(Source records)
========================================

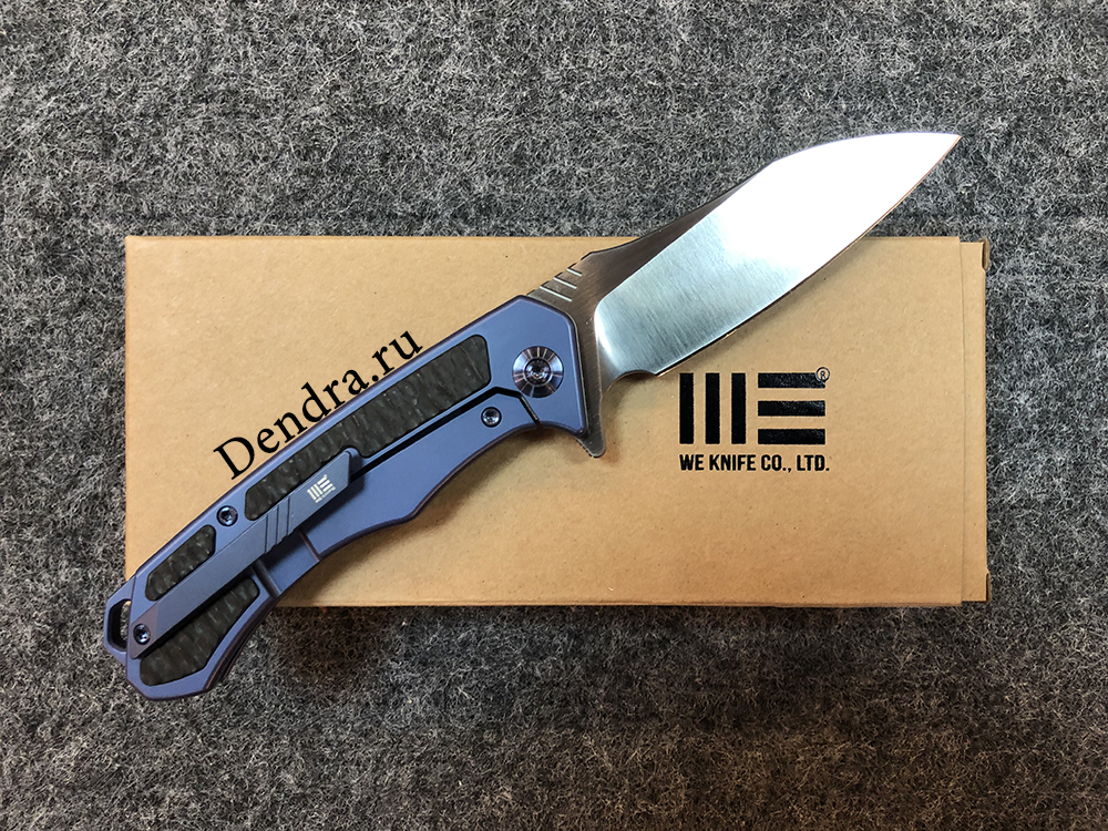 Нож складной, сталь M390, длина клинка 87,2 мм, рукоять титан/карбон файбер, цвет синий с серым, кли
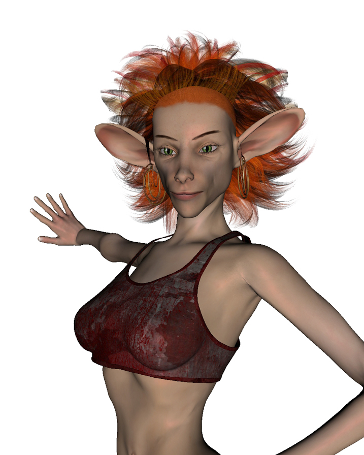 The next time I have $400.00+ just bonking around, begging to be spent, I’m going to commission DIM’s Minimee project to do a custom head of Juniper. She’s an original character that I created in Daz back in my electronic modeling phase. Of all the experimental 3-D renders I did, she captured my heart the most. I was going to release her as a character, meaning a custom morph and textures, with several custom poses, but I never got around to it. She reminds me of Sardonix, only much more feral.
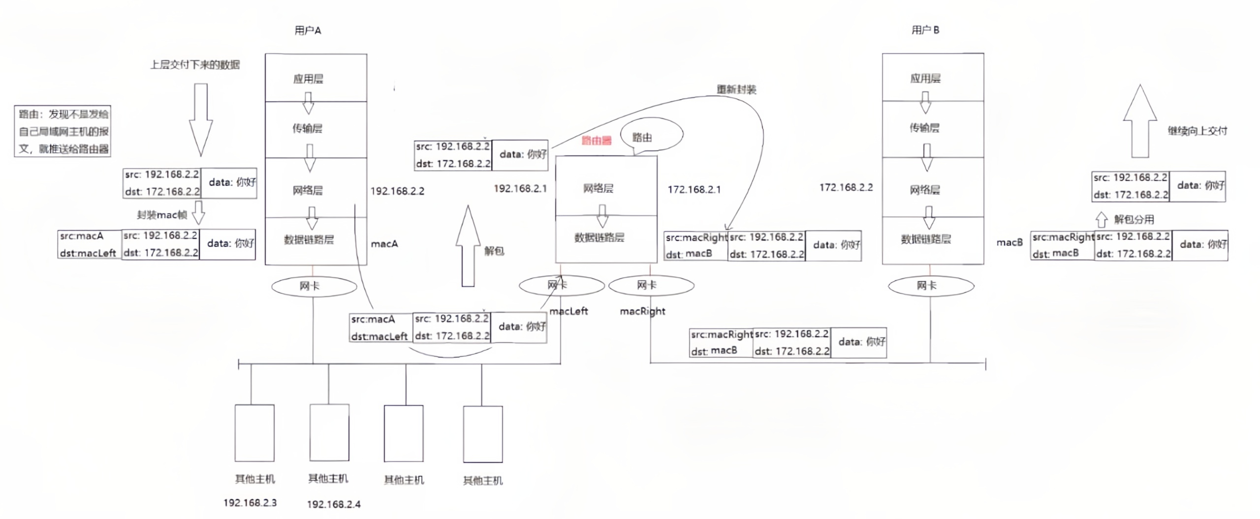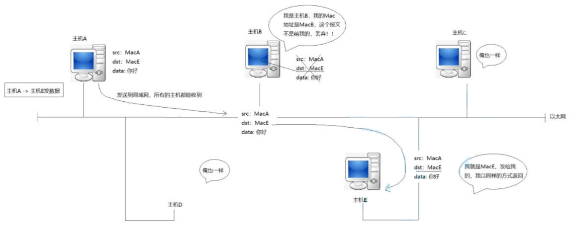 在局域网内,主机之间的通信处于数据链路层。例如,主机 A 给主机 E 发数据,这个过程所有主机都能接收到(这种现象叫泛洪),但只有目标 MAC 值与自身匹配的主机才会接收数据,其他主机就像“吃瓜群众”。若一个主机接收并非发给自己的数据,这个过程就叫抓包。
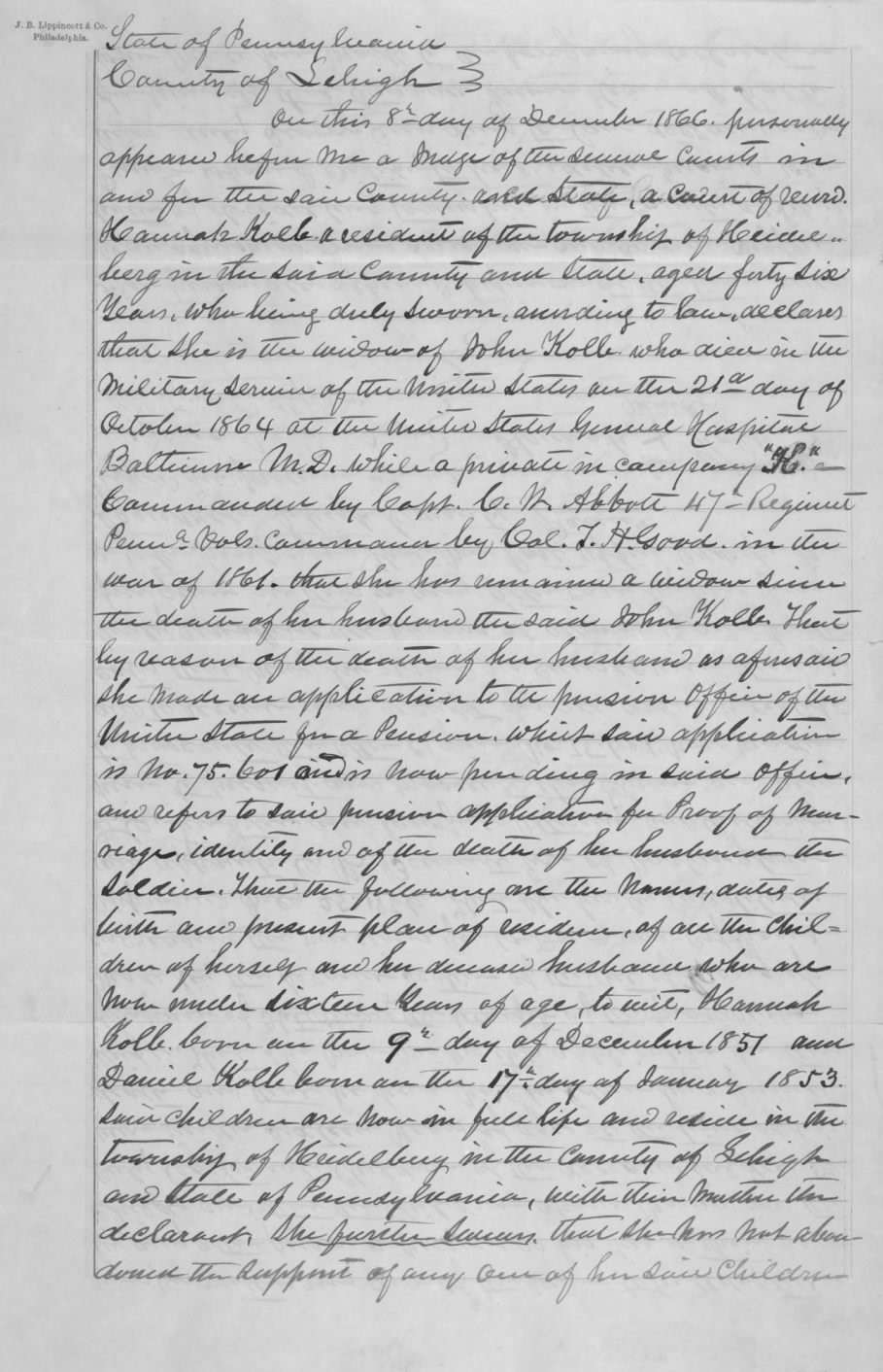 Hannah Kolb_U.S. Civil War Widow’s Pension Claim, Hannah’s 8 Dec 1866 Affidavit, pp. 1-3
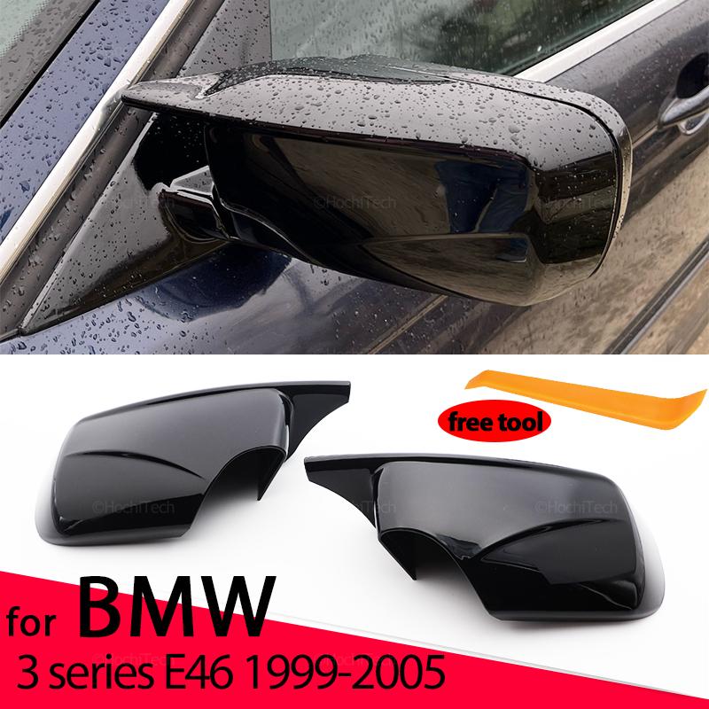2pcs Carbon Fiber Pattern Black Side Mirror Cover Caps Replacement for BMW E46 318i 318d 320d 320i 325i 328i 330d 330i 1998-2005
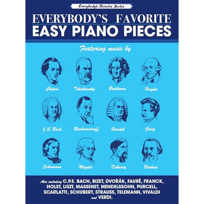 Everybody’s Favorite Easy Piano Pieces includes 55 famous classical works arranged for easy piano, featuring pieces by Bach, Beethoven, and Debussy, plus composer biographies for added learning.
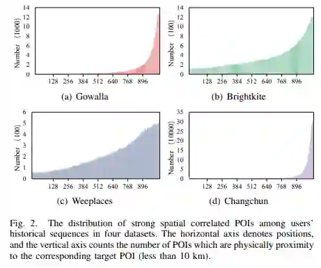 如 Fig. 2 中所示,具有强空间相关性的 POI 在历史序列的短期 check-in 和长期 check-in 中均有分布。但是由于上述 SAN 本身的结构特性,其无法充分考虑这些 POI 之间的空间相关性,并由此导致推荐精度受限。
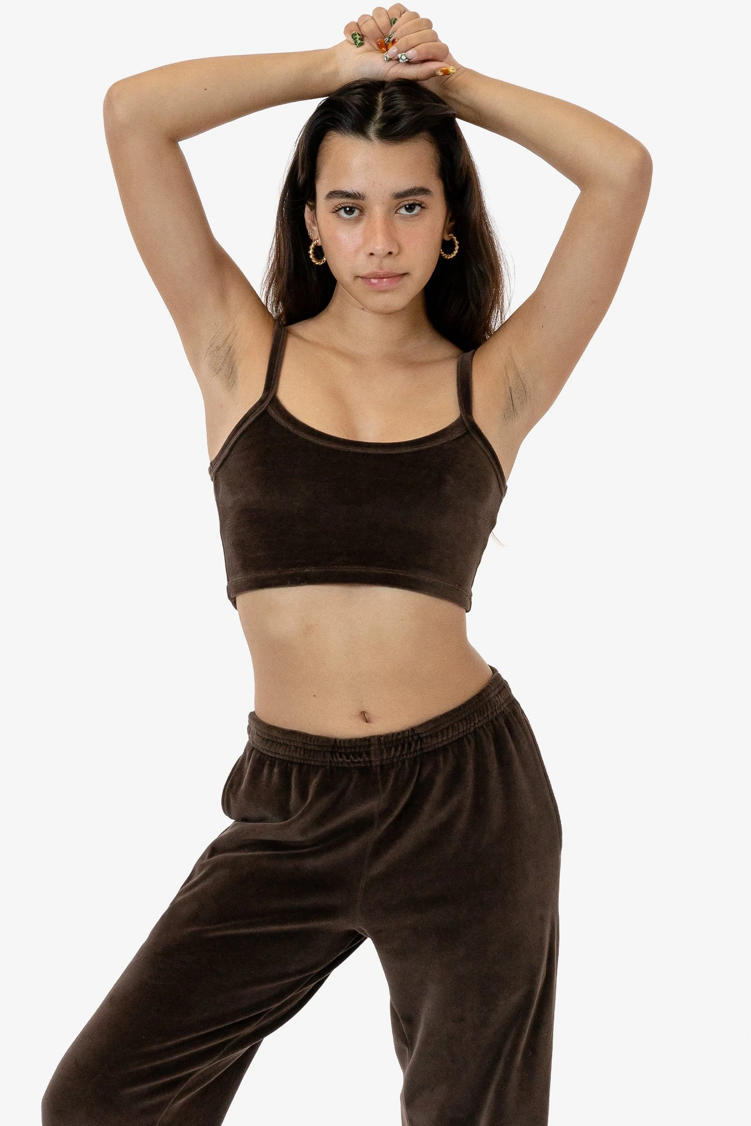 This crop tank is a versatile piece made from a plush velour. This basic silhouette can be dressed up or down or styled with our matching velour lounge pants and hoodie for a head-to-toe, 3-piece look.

========================================

Write out the records above exactly as they appear, leaving out any pictures.

**SOLUTION TO THE EXERCISE:**
 Нож складной, сталь M390, длина клинка 87,2 мм, рукоять титан/карбон файбер, цвет синий с серым, кли
 The next time I have $400.00+ just bonking around, begging to be spent, I’m going to commission DIM’s Minimee project to do a custom head of Juniper. She’s an original character that I created in Daz back in my electronic modeling phase. Of all the experimental 3-D renders I did, she captured my heart the most. I was going to release her as a character, meaning a custom morph and textures, with several custom poses, but I never got around to it. She reminds me of Sardonix, only much more feral.
 在局域网内,主机之间的通信处于数据链路层。例如,主机 A 给主机 E 发数据,这个过程所有主机都能接收到(这种现象叫泛洪),但只有目标 MAC 值与自身匹配的主机才会接收数据,其他主机就像“吃瓜群众”。若一个主机接收并非发给自己的数据,这个过程就叫抓包。
 Hannah Kolb_U.S. Civil War Widow’s Pension Claim, Hannah’s 8 Dec 1866 Affidavit, pp. 1-3
2pcs Carbon Fiber Pattern Black Side Mirror Cover Caps Replacement for BMW E46 318i 318d 320d 320i 325i 328i 330d 330i 1998-2005
 Everybody’s Favorite Easy Piano Pieces includes 55 famous classical works arranged for easy piano, featuring pieces by Bach, Beethoven, and Debussy, plus composer biographies for added learning.
 如 Fig. 2 中所示,具有强空间相关性的 POI 在历史序列的短期 check-in 和长期 check-in 中均有分布。但是由于上述 SAN 本身的结构特性,其无法充分考虑这些 POI 之间的空间相关性,并由此导致推荐精度受限。
 This crop tank is a versatile piece made from a plush velour. This basic silhouette can be dressed up or down or styled with our matching velour lounge pants and hoodie for a head-to-toe, 3-piece look.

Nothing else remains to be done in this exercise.